Well I have been working at this issue for a while, and I seem to be getting nowhere.  I am trying to find an alternative to vnc which is faster (good over slower connections), and preferably one which supports public key authentication so I dont need to type in a password every time I launch it.  I have been using rdc on windows for years, which is great because my windows cedentials get transfered to tehr emote session and I get logged in automatically.  I would love to find a linux to linux alternative.  I have looked in to NX server, but I wasn't able to get it working at all.  After some troubleshooting I discovered that one of the packages wasn't installed, and when I tried to emerge it, the server reported a 404.  I wasnt able to find the package via google, either.  Any suggestions would be appreciated!

----------

## timeBandit

Did you follow the FreeNX HOWTO on the Gentoo Wiki? What specifically went wrong?
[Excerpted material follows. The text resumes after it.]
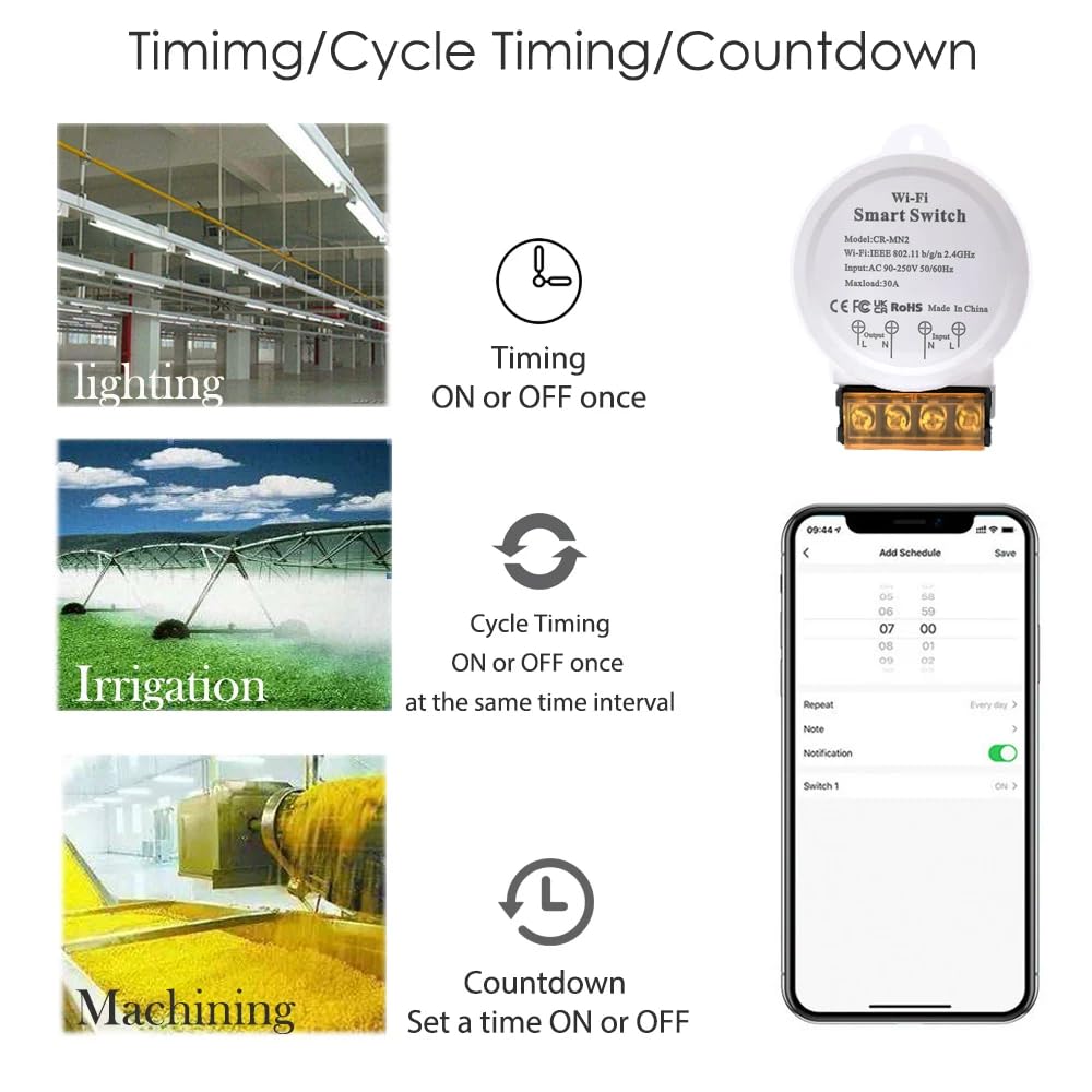 This smart relay with timing function, allowing you to schedule specific turn on and turn off times for your home appliances. You don’t need to worry about accidentally leaving your devices running or forgetting to turn them off.

A number of people here have successfully installed FreeNX--there is a lengthy HOWTO thread devoted to general setup problems (it dates to 2004 so you might want to start near the end) and a host of others on more specific issues. I took the plunge about a month ago and I must say, NX is crazy fast compared to VNC. Don't give up on it yet.  :Smile: 

----------

## RaceTM

Hi, thanks for the reply (again  :Smile:  )

well, lets see..after I emerged nxserver-freenx, I got some errors from the installer:

emerge -avt nxserver-freenx

source /etc/profile

cp /usr/lib/NX/bin/nx* /usr/bin/

nxsetup --override --install

----> Testing your nxserver configuration ...

Warning: Could not find nxdesktop in /usr/bin. RDP sessions won't work.

Warning: Could not find nxviewer in /usr/bin. VNC sessions won't work.

Warning: Invalid value "DEFAULT_X_SESSION=/etc/X11/xdm/Xsession"

         Users might not be able to request a default X session.

Warning: Invalid value "COMMAND_START_KDE=startkde"

         Users will not be able to request a KDE session.

Warning: Invalid value "COMMAND_START_GNOME=/etc/X11/Sessions/Gnome"

         Users will not be able to request a Gnome session.

Warning: Invalid value "COMMAND_START_CDE=cdwm"

         Users will not be able to request a CDE session.

  Warnings occured during config check.

  To enable these features please correct the configuration file.

<---- done

----> Testing your nxserver connection ...

The authenticity of host '[127.0.0.1]:5000 ([127.0.0.1]:5000)' can't be established.

RSA key fingerprint is 75:b2:66:3b:15:a4:3c:a6:e8:0a:7a:d2:ad:a8:20:00.

Are you sure you want to continue connecting (yes/no)? Fatal error: Could not connect to NX Server.

Despite these errors (none of them seemed fatal), I tried to start the nxserver service, and was told it was already running.  So, I fired up the client, and tried to connect.  That was where the fun started.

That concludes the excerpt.